We just got Skittles yesterday- and the lady said Skittles was about 5-6 weeks old.


----------



## Bunnylady (Dec 28, 2011)

Well. her color is chinchilla, so she is probably one of the Chinchilla breeds. Her ears are proportionately rather long, so I'm thinking that American Chin is more likely; or even Giant Chin, rather than Standard Chin.


----------



## Nikki (Dec 28, 2011)

Okay, thank you!


----------



## Ms. Research (Dec 29, 2011)

Congratulations on your new bun.

Love the name.

K


----------



## 2seth2 (Jan 1, 2012)

agreed am chin


----------



## DKRabbitry (Jan 1, 2012)

Did you maybe see how big her parents were?  Did you get her from a breeder or someone just had two bunnies?  Or someone who got her and didn't want her?  
Judging by the rareity of American Chinchillas, I highly doubt you stumbled across one, but it is possible.   Almost all breeds come in the chinchilla color.  Also, she looks pretty long, like she may have a mandolin shaped body.  If she is a large rabbit, I would say flemish giant or a flemish giant cross.  She has a more chisled flemish-type head than a blocky Giant chinchilla head.  But again, it is really hard to tell.  I say she looks like a darn fine rabbit though and I hope you like her   I really like the chinchilla color.  

For comparison, this is an 8 week old Giant Chinchilla kit.


----------



## Sunshyne276 (Jan 2, 2012)

I'm thinking chinchilla Rex. Cute rabbit


----------



## Ms.

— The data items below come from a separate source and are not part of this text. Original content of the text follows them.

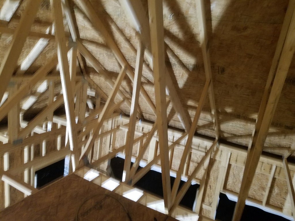 3 trusses complete, #4 at about the 1/2 way point...4 to go. Where I've done the trusses the floor is really solid, noticeably stiffer than the end I haven't done, but I guess that could just be the floor joints touching the sheeting every 12" instead of every 24"...but it feels good and it's staying level so I'm feeling pretty good about it.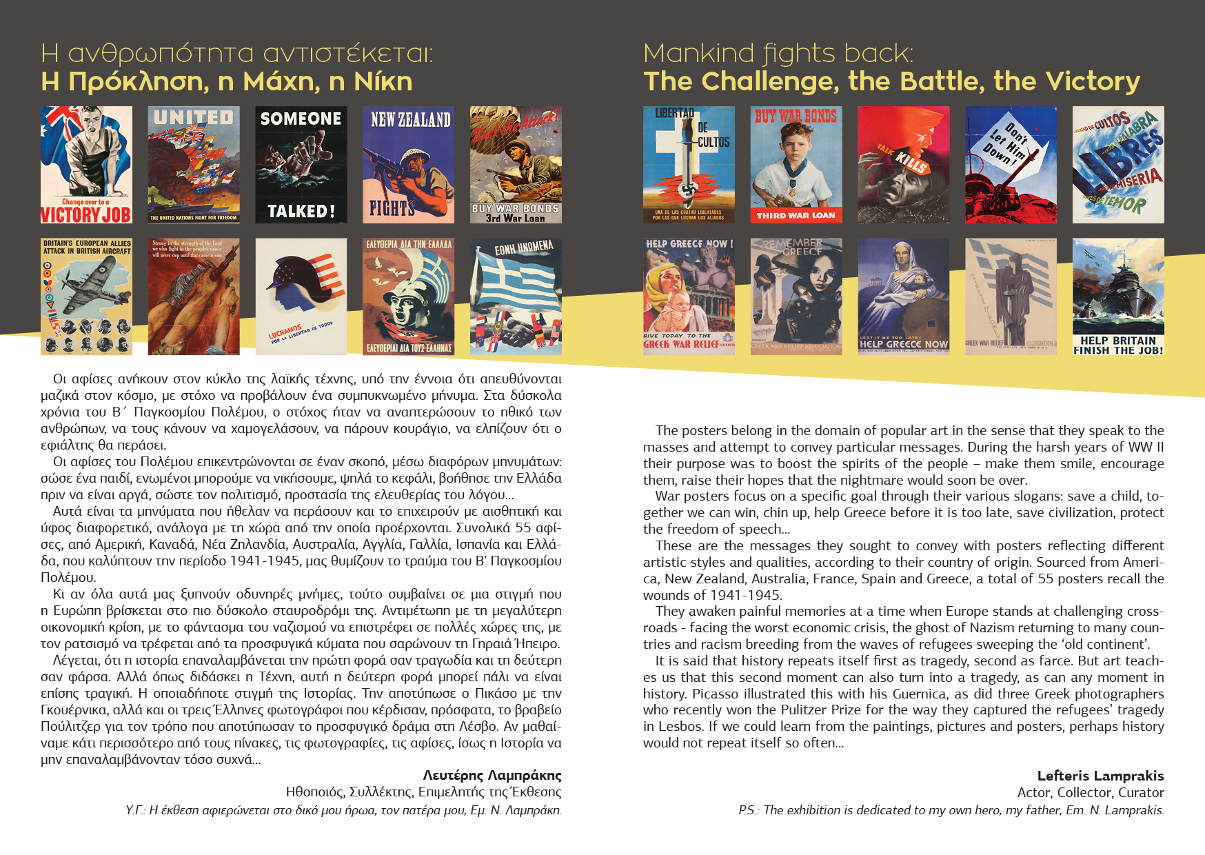 Η Έκθεση με τίτλο: «Η Ανθρωπότητα Αντιστέκεται: Η Πρόκληση, η Μάχη, η Νίκη» έχει ως επιμελητή τον κ. Λευτέρη Λαμπράκη, διοργανώνεται στο Πολιτιστικό Κέντρο Καντάνου, και ανοίγει τις πύλες της την Κυριακή 29 Μαΐου 2016, στις 12:00 η ώρα.
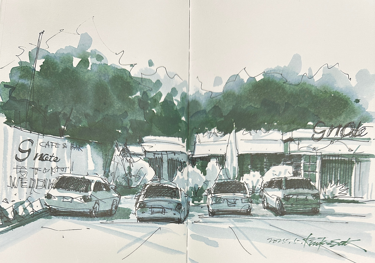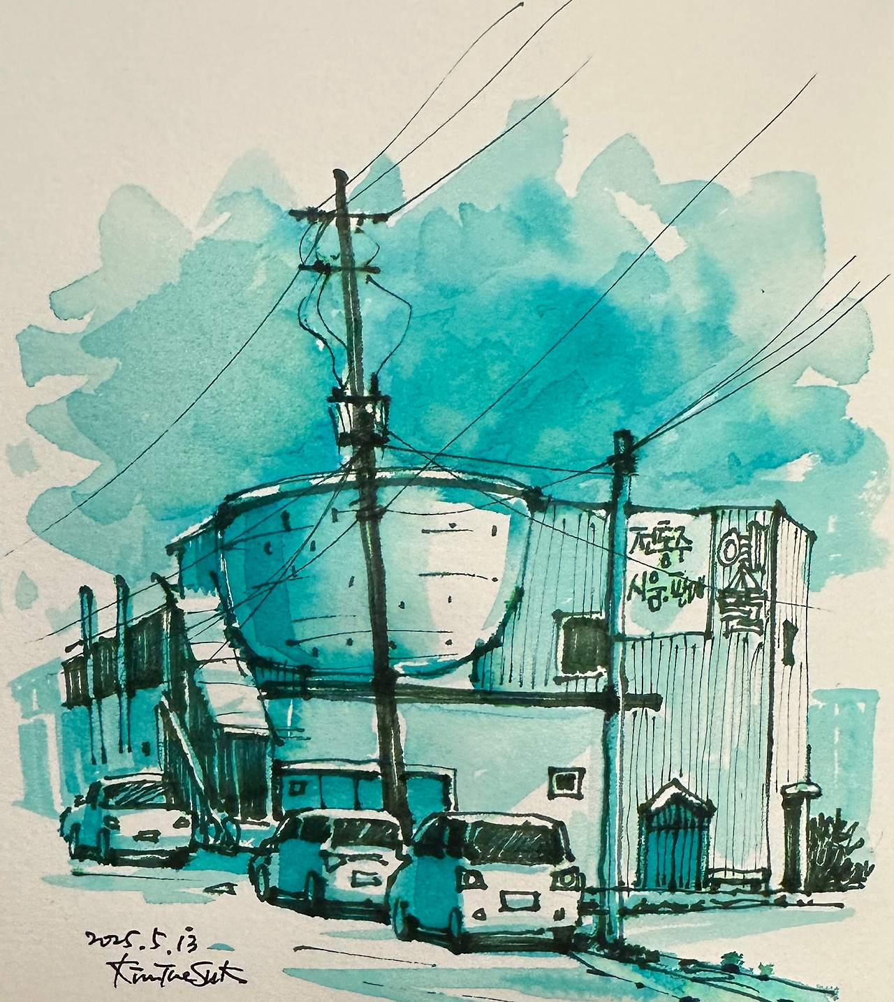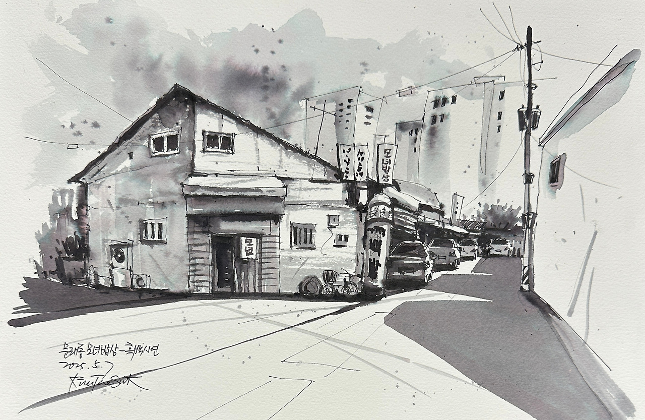 수채화 물감의 검정색을 사용하거나, 평소에 잘 쓰지 않던 검정 수성잉크를 꺼내 쓰기도 한다.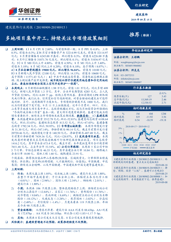 【华创证券】【20190915】建筑装饰行业周报:多地项目集中开工,持续关注专项债政策细则-15页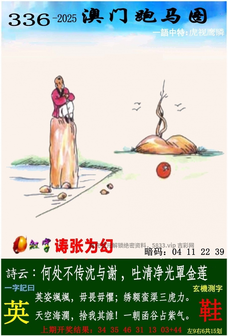 336期:澳门内幕传真 今期生肖三四开,穿金戴银戴兰花。 三七相合是特码,红艰两波发大家。 春风得意发财时,田叶荷花莲藕香。 生意兴隆才禄进,乾坤运转喜事多。 山清水秀 解:今期生肖三四开,穿金戴银戴兰花。三四解猴,金肖猴鸡,三七相合是特码,红艰两波发大家。红波,三七解蛇猴。春风得意发财时,田叶荷花莲藕香。春风肖兔虎龙,生意兴隆才禄进,乾坤运转喜事多。喜事多解吉肖蛇羊鸡龙马兔。 拐特九肖:猴鸡蛇兔虎龙羊马牛 |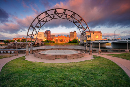 Des Moines, Iowa, USA. Cityscape image of Des Moines skyline, Iowa, USA at summer sunrise.

Research (Jan 3, 2012)

DKRabbitry said:
			
		

> Did you maybe see how big her parents were?  Did you get her from a breeder or someone just had two bunnies?  Or someone who got her and didn't want her?
> Judging by the rareity of American Chinchillas, I highly doubt you stumbled across one, but it is possible.   Almost all breeds come in the chinchilla color.  Also, she looks pretty long, like she may have a mandolin shaped body.  If she is a large rabbit, I would say flemish giant or a flemish giant cross.  She has a more chisled flemish-type head than a blocky Giant chinchilla head.  But again, it is really hard to tell.  I say she looks like a darn fine rabbit though and I hope you like her   I really like the chinchilla color.
> 
> For comparison, this is an 8 week old Giant Chinchilla kit.
> ...


Absolutely beautiful kit DKRabbitry.  

Nikki, definitely have some Chincilla in your sweet bun.  Wishing you all the luck.  

K


----------



## bunnylovincowgirl (Jan 4, 2012)

American Chin really isn't too rare.  I'm surprised at how popular it seems with hobby farm owners.  I would guess that your bunny is an American Chin, or some mixed breed with chinchilla coloring.     She's a sweetie!


----------



## Ranch Girl (Jan 10, 2012)

He reminds me of the Jack rabbits we have around here! 

~Aspen


----------